Ce très court roman d'Eduardo Mallea, auteur argentin du XXe siècle, dresse le portrait de
Chaves, un homme silencieux et taciturne qui arrive dans une petite ville argentine du nord de la Patagonie.
Le principal attribut du personnage de
Chaves est donc ce mutisme quasi-permanent, qu'il n'interrompt que rarement pour répondre de manière extrêmement brève et factuelle à celui qui l'interrogerait. L'auteur alterne les chapitres au "présent" et ceux reprenant le passé du héro. À travers ce dernier, c'est une histoire de silence, de solitude et d'une résignation fataliste qui s'exprime, c'est aussi une réflexion sur le rejet de l'autre et sur la superficialité des rapports humains :
Chaves est seul et incompris mais au moins le sait il, les autres personnages (comme nous-même) ne sont ils rien d'autre que des solitaires qui s'ignorent ?
L'histoire est simple émouvante et forte. Elle pourra rappeler au lecteur francophone le roman l'Étranger publié 11 ans plus tôt par un certain
Albert Camus : difficile effectivement de ne pas faire un lien entre les deux ouvrages tant les thématiques sont similaires. Néanmoins, une différence fondamentale subsiste entre les personnages : celui de Meursault (l'Étranger) est passif avant tout car le sort des autres et dans une certaine mesure le sien propre l'indifférent,
Chaves lui, ressent les émotions mais par fatigue et par un fatalisme sur l'incommunicabilité entre lui et le reste du monde, renonce à s'exprimer.
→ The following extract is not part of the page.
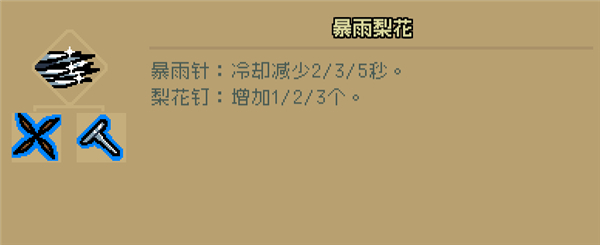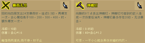 升级学习减少物理技能冷却时间(cd),如此一来,每次攒满梨花钉后一次性消耗,最高可获得2000左右的属性加成。到游戏后期,角色的会心属性甚至能够突破10000,暴雨针单次攻击伤害可达100万。具体详情请查看下图:
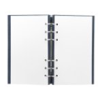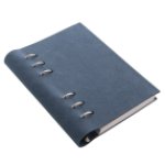 Kvalitní zápisník Clipbook ve velikosti osobní s příjemným povrchem desek v modré barvě a texturou semiše a kroužkovou vazbou od tradiční anglické značky Filofax. celý popis

Le style et le rythme du livre d'Eduardio Mallea s'adaptent parfaitement à son personnage : plutôt lent et parfois contemplatif, il est épuré, simple et économe en mots, sans aucune fioriture. Au fur et à mesure des pages, on peut qu'être pris d'empathie et parfois de pitié pour le personnage principal et ses proches.
Bref, en à peine plus de 80 pages,
Eduardo Mallea nous offre une belle pépite : un livre intelligent et émouvant aussi court que marquant.